#### Work task:
Emit a verbatim copy of the lines below from the line with "は おく歯のかみあわせ" through the line with "na stáj navazuje", excluding pictures and everything outside that range.

#### Provided material:
┄┄┄┄┄┄┄┄┄┄┄┄┄┄┄┄┄┄┄┄
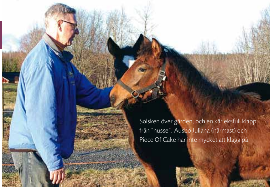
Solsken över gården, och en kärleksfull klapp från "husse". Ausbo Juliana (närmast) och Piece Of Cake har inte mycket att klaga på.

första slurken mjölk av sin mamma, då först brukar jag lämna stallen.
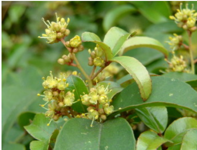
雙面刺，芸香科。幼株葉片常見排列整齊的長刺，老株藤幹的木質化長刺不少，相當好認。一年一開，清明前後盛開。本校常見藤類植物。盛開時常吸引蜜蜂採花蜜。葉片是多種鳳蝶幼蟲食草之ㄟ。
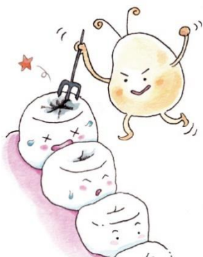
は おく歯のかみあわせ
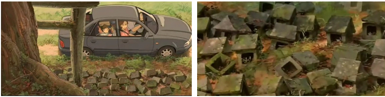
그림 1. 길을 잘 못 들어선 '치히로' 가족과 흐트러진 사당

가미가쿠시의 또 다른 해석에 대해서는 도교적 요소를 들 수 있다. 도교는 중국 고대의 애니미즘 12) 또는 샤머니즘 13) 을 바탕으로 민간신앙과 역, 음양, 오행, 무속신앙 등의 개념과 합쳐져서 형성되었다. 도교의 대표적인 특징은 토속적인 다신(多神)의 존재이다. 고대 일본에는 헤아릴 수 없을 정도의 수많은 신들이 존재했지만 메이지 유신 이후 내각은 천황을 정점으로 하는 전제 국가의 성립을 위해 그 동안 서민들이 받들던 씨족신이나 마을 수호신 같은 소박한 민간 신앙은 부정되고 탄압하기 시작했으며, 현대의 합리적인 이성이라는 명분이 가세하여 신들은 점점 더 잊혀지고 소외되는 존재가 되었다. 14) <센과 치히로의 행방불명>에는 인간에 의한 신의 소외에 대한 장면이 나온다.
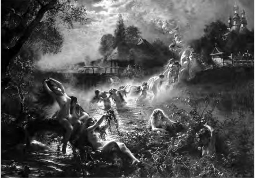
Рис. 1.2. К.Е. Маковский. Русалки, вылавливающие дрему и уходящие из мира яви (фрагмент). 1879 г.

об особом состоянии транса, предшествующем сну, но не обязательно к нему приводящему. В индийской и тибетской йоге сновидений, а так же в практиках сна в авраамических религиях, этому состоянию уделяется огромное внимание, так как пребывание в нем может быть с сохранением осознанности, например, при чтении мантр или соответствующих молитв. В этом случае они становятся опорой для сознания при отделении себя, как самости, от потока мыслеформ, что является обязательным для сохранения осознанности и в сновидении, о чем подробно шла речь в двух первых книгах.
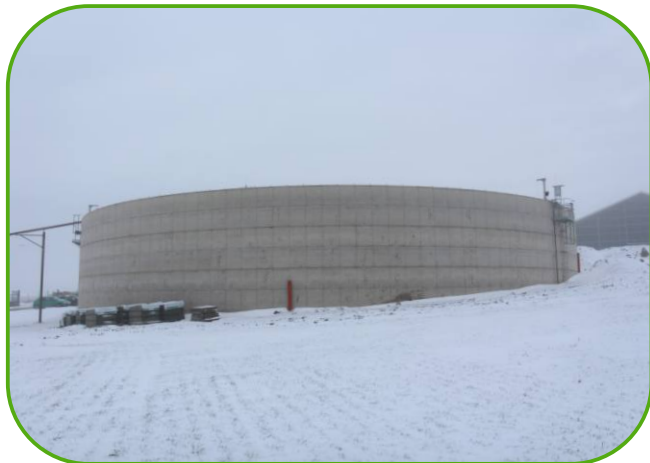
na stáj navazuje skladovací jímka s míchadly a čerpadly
┄┄┄┄┄┄┄┄┄┄┄┄┄┄┄┄┄┄┄┄
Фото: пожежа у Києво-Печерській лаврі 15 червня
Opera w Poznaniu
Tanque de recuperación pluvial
┄┄┄┄┄┄┄┄┄┄┄┄┄┄┄┄┄┄┄┄
#### Exercise response:
は おく歯のかみあわせ
그림 1. 길을 잘 못 들어선 '치히로' 가족과 흐트러진 사당

가미가쿠시의 또 다른 해석에 대해서는 도교적 요소를 들 수 있다. 도교는 중국 고대의 애니미즘 12) 또는 샤머니즘 13) 을 바탕으로 민간신앙과 역, 음양, 오행, 무속신앙 등의 개념과 합쳐져서 형성되었다. 도교의 대표적인 특징은 토속적인 다신(多神)의 존재이다. 고대 일본에는 헤아릴 수 없을 정도의 수많은 신들이 존재했지만 메이지 유신 이후 내각은 천황을 정점으로 하는 전제 국가의 성립을 위해 그 동안 서민들이 받들던 씨족신이나 마을 수호신 같은 소박한 민간 신앙은 부정되고 탄압하기 시작했으며, 현대의 합리적인 이성이라는 명분이 가세하여 신들은 점점 더 잊혀지고 소외되는 존재가 되었다. 14) <센과 치히로의 행방불명>에는 인간에 의한 신의 소외에 대한 장면이 나온다.
Рис. 1.2. К.Е. Маковский. Русалки, вылавливающие дрему и уходящие из мира яви (фрагмент). 1879 г.

об особом состоянии транса, предшествующем сну, но не обязательно к нему приводящему. В индийской и тибетской йоге сновидений, а так же в практиках сна в авраамических религиях, этому состоянию уделяется огромное внимание, так как пребывание в нем может быть с сохранением осознанности, например, при чтении мантр или соответствующих молитв. В этом случае они становятся опорой для сознания при отделении себя, как самости, от потока мыслеформ, что является обязательным для сохранения осознанности и в сновидении, о чем подробно шла речь в двух первых книгах.
na stáj navazuje skladovací jímka s míchadly a čerpadly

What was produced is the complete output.